# [Prompt]
Beneath this line sits some data. Return only its lines from the one holding "凯旋归来|禹州中专建筑专业斩获四个省赛一等奖!" through the one holding "我们选择 Redis Stream,不是因为", inclusive, exactly, with the images removed.

# [Records for this exercise]

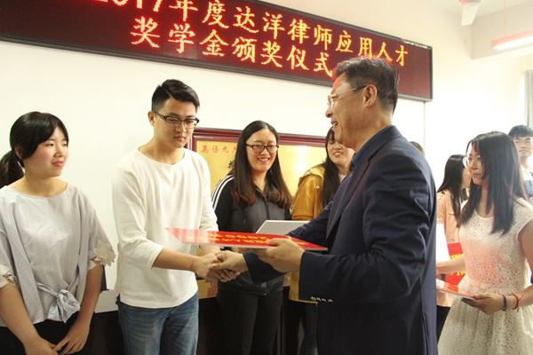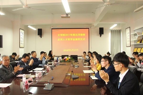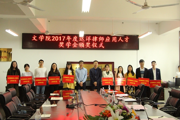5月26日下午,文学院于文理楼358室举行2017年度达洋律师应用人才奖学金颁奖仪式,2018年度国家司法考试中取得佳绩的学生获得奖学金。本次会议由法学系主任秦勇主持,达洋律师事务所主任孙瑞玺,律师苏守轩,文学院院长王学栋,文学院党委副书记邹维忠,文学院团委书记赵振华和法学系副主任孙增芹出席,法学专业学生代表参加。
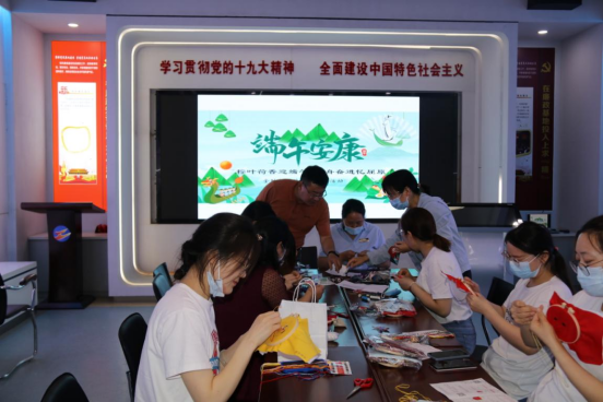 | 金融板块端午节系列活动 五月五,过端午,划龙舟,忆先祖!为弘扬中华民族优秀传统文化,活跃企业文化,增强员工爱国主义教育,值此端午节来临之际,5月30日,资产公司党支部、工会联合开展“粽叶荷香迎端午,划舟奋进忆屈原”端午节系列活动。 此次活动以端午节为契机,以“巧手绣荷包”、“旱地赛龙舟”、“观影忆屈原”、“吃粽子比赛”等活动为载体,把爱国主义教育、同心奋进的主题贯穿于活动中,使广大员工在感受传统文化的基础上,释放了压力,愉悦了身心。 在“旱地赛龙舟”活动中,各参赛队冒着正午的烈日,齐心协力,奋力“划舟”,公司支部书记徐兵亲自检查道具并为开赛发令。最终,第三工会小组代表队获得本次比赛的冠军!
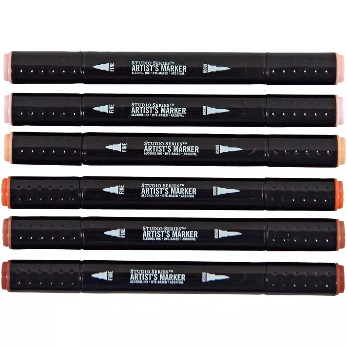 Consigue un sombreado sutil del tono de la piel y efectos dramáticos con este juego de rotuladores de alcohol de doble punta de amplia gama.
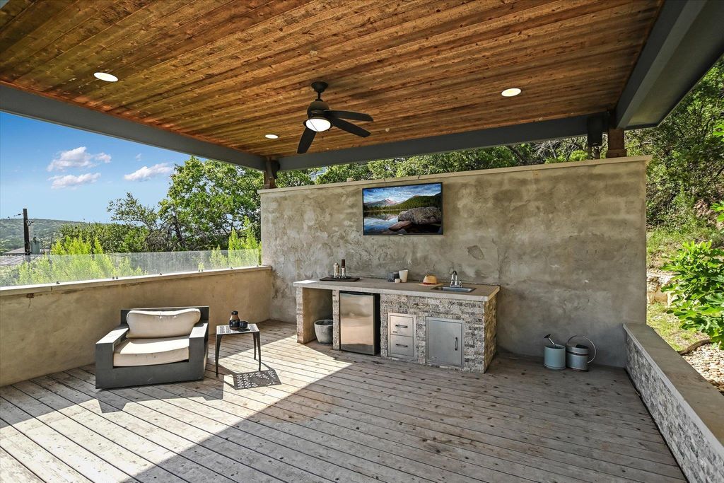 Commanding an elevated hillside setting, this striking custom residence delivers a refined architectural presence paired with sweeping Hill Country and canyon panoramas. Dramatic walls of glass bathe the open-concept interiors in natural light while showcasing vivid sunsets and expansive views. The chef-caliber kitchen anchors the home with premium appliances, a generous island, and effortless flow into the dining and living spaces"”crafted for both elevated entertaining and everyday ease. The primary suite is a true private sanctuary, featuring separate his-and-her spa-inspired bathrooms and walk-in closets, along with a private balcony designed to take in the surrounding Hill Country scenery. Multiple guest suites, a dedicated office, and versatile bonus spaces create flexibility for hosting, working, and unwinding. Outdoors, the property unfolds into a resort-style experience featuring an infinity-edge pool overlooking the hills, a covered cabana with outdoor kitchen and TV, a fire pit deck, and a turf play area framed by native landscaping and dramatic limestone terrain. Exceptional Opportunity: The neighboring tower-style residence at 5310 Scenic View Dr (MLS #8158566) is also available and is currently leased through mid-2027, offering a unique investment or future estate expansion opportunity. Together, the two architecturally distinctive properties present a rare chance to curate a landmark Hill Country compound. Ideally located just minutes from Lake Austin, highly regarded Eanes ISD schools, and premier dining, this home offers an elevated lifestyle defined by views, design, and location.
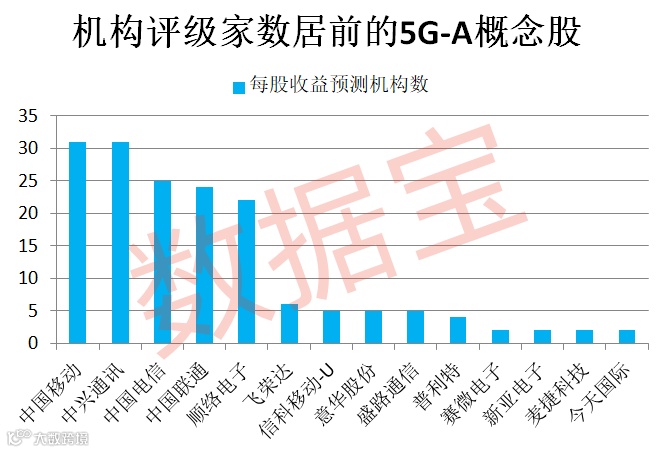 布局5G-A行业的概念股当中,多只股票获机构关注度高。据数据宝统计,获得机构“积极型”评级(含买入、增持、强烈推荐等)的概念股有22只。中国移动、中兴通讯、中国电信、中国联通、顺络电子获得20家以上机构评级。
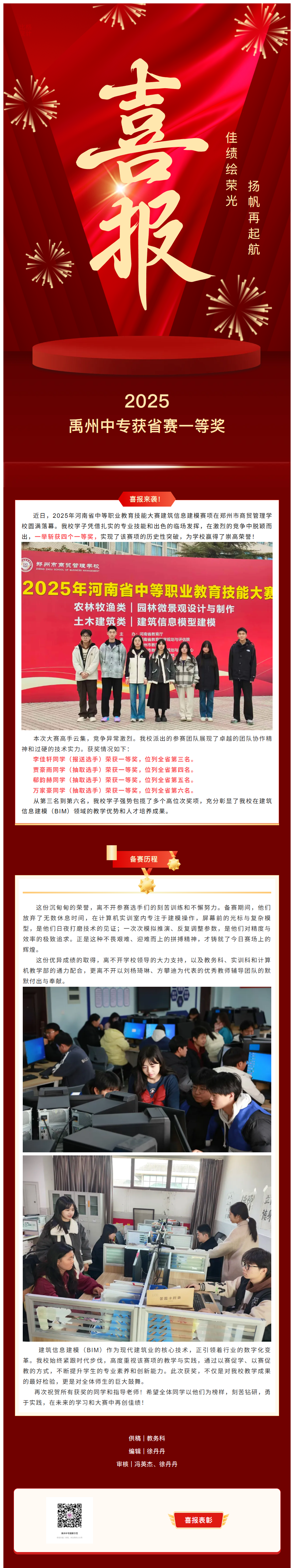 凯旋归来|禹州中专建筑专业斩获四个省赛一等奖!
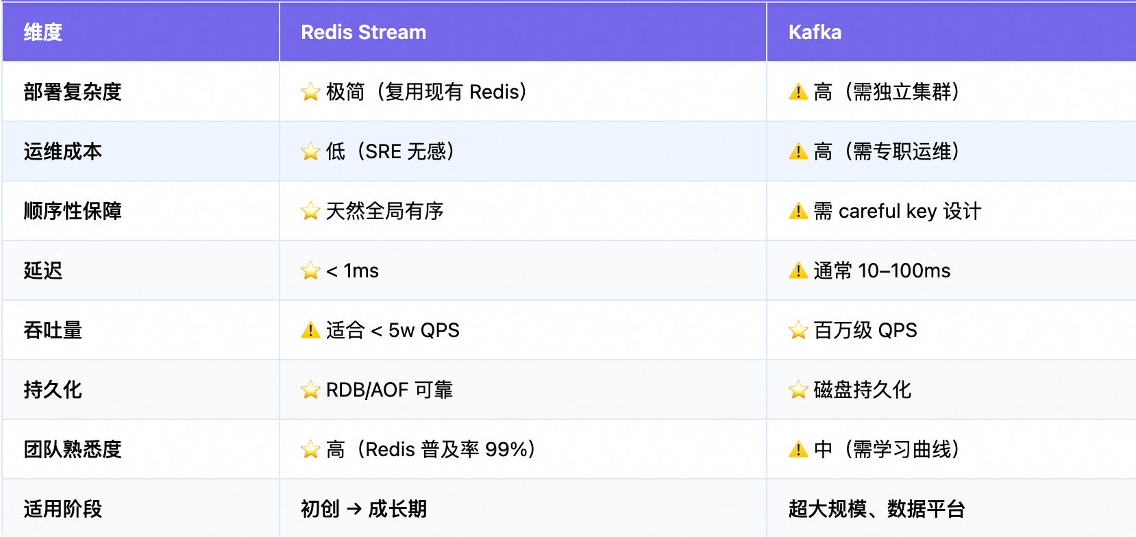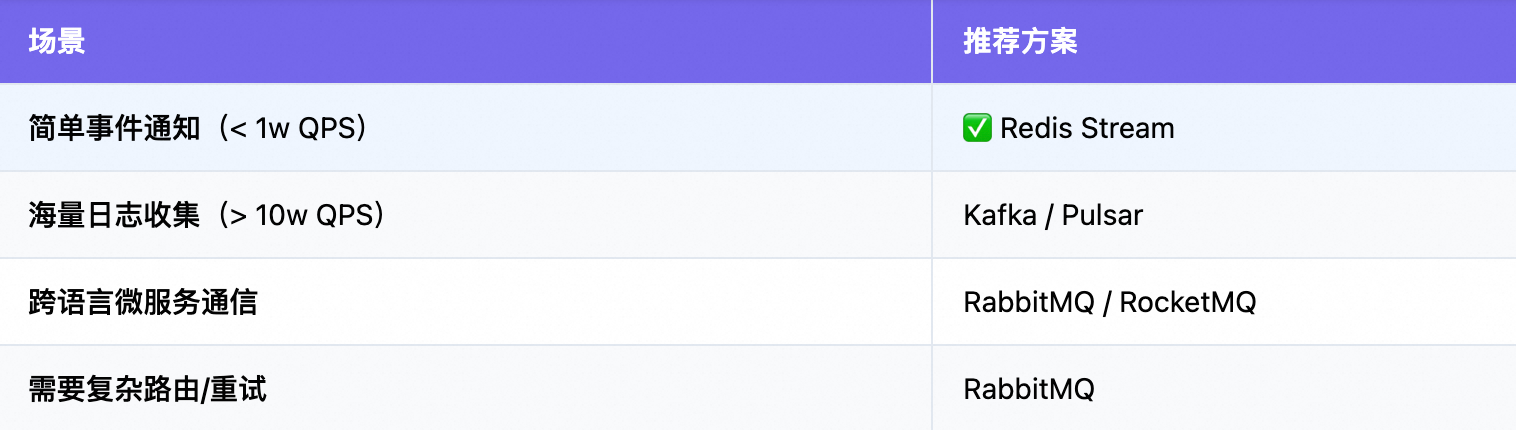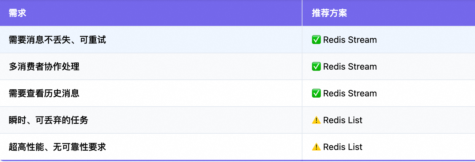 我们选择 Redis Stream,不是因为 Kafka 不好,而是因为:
---
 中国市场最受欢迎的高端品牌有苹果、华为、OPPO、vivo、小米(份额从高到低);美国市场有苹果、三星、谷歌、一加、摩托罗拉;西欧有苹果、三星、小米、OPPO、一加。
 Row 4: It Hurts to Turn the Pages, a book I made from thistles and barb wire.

# [Solution for this problem]
 凯旋归来|禹州中专建筑专业斩获四个省赛一等奖!
 我们选择 Redis Stream,不是因为 Kafka 不好,而是因为:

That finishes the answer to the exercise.